New Year’s resolutions were not things to be taken lightly. It seemed to Joel that a New Year’s resolution unkept might turn out to be a New Year’s threat. Time was up at midnight. The sands of time had run out. Just as in that hourglass Samuel had bought years ago in some foreign port or other, in a dimly lit little shop smelling of spices.
Joel had kept putting off carrying out this resolution for a whole year. That was something typical of him that he didn’t much like. He could promise too much. Promise himself, and others as well. He had promised the man in the bicycle shop to call in and pay for a puncture repair the same afternoon it had happened. But he’d forgotten. He’d promised Samuel to collect something from the ironmonger’s, and he’d forgotten that as well. And it was something Samuel needed for his work in the forest.
Another thing about this resolution was that he regretted having made it. He’d been too hasty. But it seemed to him that New Year’s resolutions simply could not be ignored. You had a whole year in which to do what you’d promised yourself to do. But no more. And now there was only one hour left.
He hurried through the silent little town without making a sound.
There was no traffic, no noise at all. Everything was different at night. Shadows and streetlamps. The white snow.
And Joel running through the streets like a man possessed. Now he had come to the Grand Hotel. He turned off to the left, and then to the right.
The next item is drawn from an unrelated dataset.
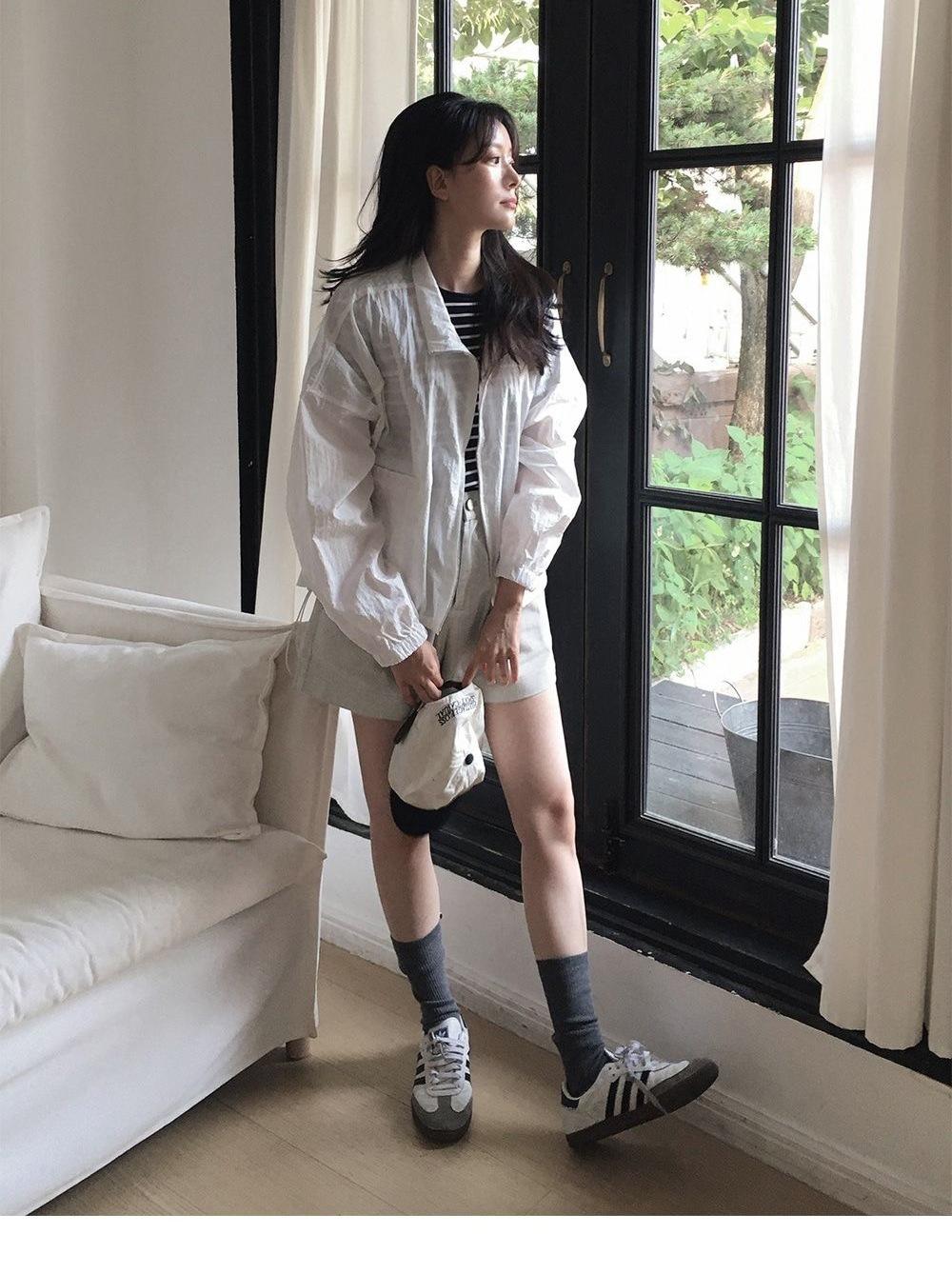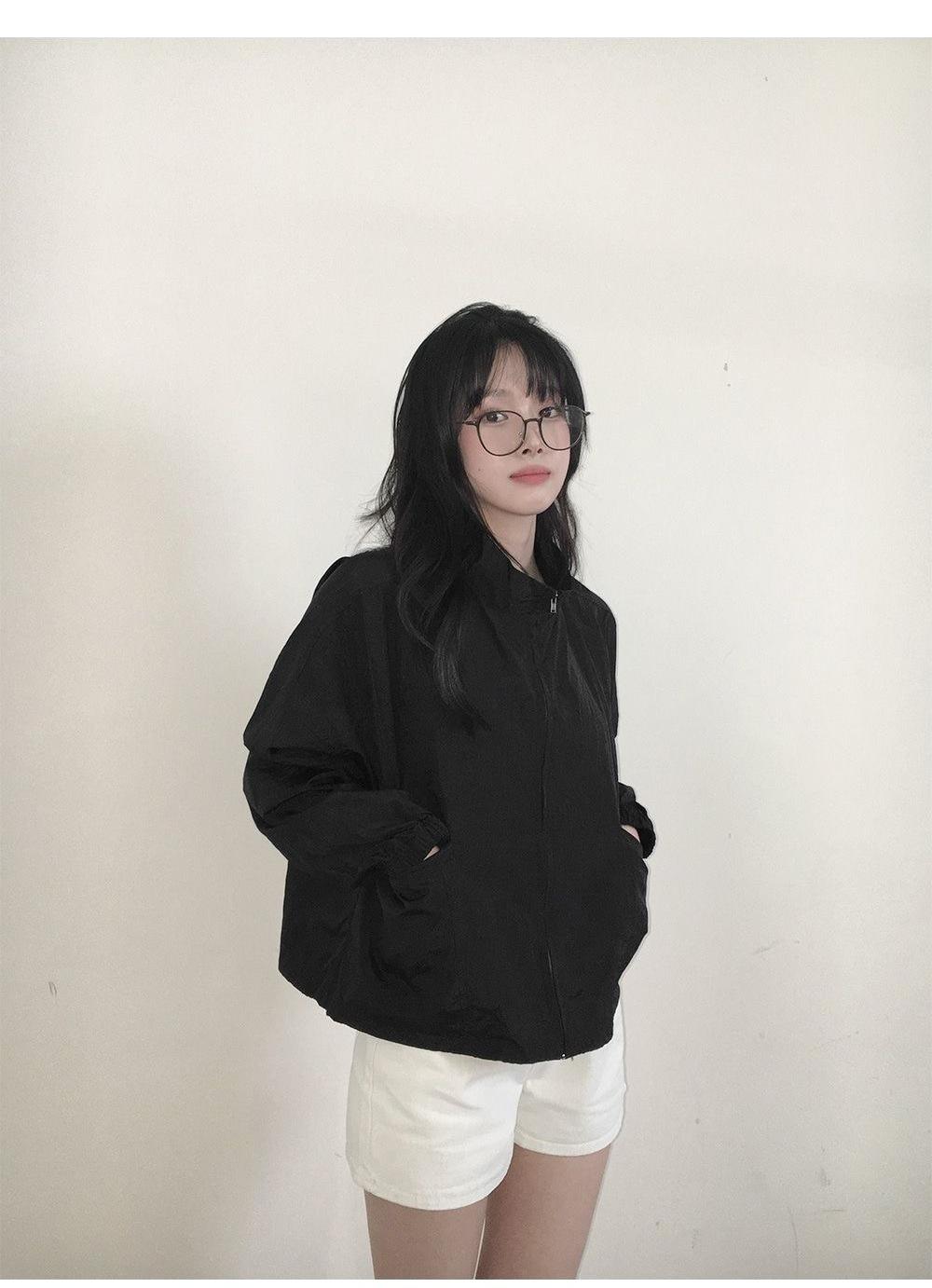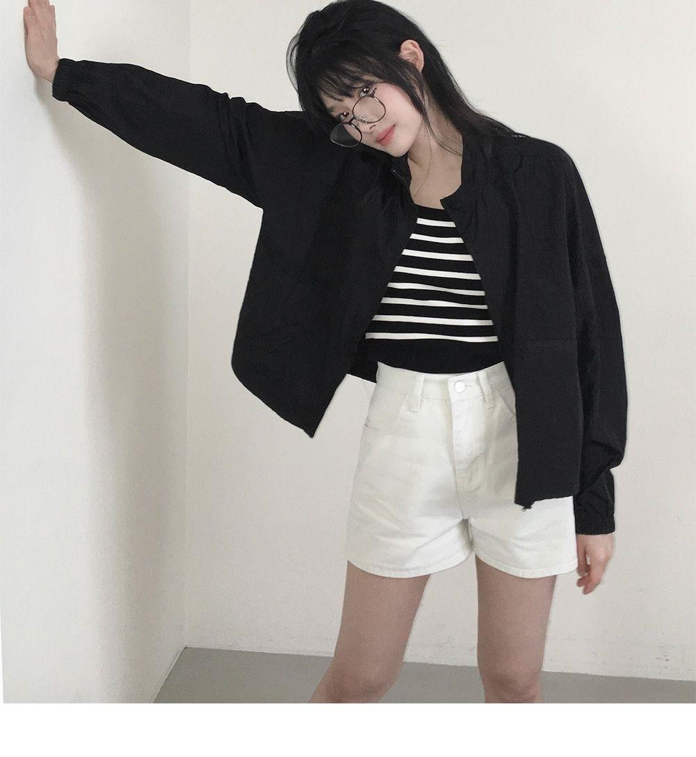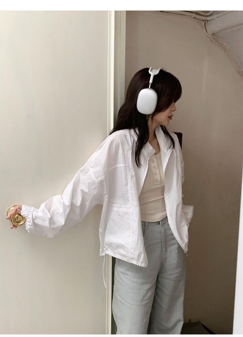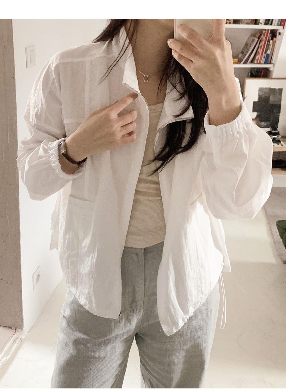2025 Nuevo Verano Estilo Coreano Ligero y Transpirable Color Puro Chaqueta Corta Holgada Cuello Alto con Cordón en la Cintura Ropa de Protección Solar Ins Mujeres

The clock in the church tower was lit up. A quarter past eleven. He passed over the big forecourt in front of the bank and forced his way through the broken fence at the back of the hardware store. Then it was just a question of continuing straight ahead, towards the red-painted, timber-built fire station with the tall tower where the hoses were hung up.
He was taking the same route he took every morning.
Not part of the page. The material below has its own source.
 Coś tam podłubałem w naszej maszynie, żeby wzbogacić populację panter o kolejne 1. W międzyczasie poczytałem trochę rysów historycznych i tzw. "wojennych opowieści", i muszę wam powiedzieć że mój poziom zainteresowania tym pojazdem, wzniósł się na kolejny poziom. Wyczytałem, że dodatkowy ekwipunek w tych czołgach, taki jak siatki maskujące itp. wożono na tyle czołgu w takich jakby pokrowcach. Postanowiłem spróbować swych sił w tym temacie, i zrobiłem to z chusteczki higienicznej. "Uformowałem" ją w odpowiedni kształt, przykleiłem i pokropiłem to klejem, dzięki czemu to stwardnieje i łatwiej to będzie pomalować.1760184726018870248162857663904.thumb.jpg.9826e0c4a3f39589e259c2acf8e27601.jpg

He was going to school in the middle of the night.
When he entered the playground he suddenly thought he could hear the bell ringing. There were voices on all sides. Just like it always sounded during the breaks. He even thought he could hear his own voice. That was something he’d rather not listen to. He’d once heard his own voice on Mr. Waltin’s tape recorder. Waltin was the editor of the local newspaper, and Joel used to work as a newspaper delivery boy. If Mr. Waltin was in a good mood and you were lucky, he would record your voice and let you listen to it. Joel had been lucky. But he didn’t like the sound of his own voice. He spoke through his nose. And his voice was shrill.
But needless to say, he was only imagining all those voices on the playground. He was the only one there. And he was in a hurry.
The worst thing was that he was frightened of what he was going to do. If he was caught breaking into school in the middle of the night, he hoped the earth would open and swallow him up. He would be in trouble for the rest of his life. He preferred not even to think about how Samuel would react.
How on earth could he have made that idiotic New Year’s resolution? How could he have been so stupid?
He had been a little kid then. This year such a thought would never have entered his head.
But there was nothing he could do about it. New Year’s resolutions could think. They kept track of who had promised what.
He crouched up against the wall of the school and listened. He could hear a car in the far distance. But it didn’t come any closer. Soon everything was just as still as before.
Joel had made preparations earlier in the day. At the end of the last lesson, he’d stayed behind in the classroom and when everybody had left, he’d carefully released the catch on one of the windows. He’d jammed a piece of folded paper in the crack at the bottom of the window, so that it wouldn’t blow open if a wind got up. He hoped the caretaker hadn’t noticed anything. If he had, Joel was in deep trouble.